I see typical load factors between .3 to .9 when failure_table_full gets returned. If a user wanted to define an optional minimum threshold, 0.06 would probably be a good first guess.

These thresholds would allow earlier run-time detection of bad hashing (or too much data) conditions, but these exceptions will not be any more recoverable than an "out of memory" condition is recoverable. You just get more information about what went wrong when they happen.

hb020:
What you are asking for (detect whether "too many" of my data points are hashing to the same bucket?) is essentially a form of Turning's halting problem, and cannot be answered prospectively. A program can't "figure out" if everything hashes to the same location until it runs every bit of data through the hash function and does some evaluation on the output.

The CityHash function is recommended because it has been extensively tested by Google and runs fast on modern hardware. If you choose some other hash, you need to do your own prospective evaluation (using SMhasher, or the Die Harder test suites) before putting your hash function into the driver's seat of your hashtable.

The cuckoo hash table provides fast, efficient data storage for large (but sparse) data structures; it sacrifices some determinism and worst-case performance in exchange for fast average performance - which is great for well-understood, long-running, large sparse data problems.
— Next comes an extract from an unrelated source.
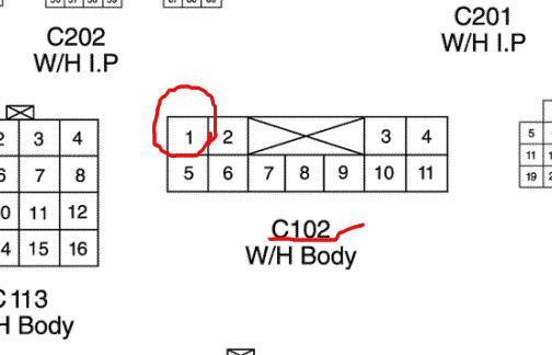 Podle zde uveřejněného schématu jsem se snažil najít vodič který vede k přepínači světel u volantu č.57. Na něj totiž nešlo napětí z relé.

If your need is strict predictability, I would consider using a different data structure rather than a hash table. If you can afford the memory, a sparsely-filled conventional array with lots of zeros would probably run the fastest (maybe with a second vector or boolean array to keep track which entries are non-zero). The other approach would be to use some variant of a linked list (more memory efficient, but slower than an array for inserts and changes. And (only slightly tongue-in-cheek) consider writing your code in Haskell (or maybe Clojure) rather than C / C++ if you want to minimize side-effects and maximize predictability.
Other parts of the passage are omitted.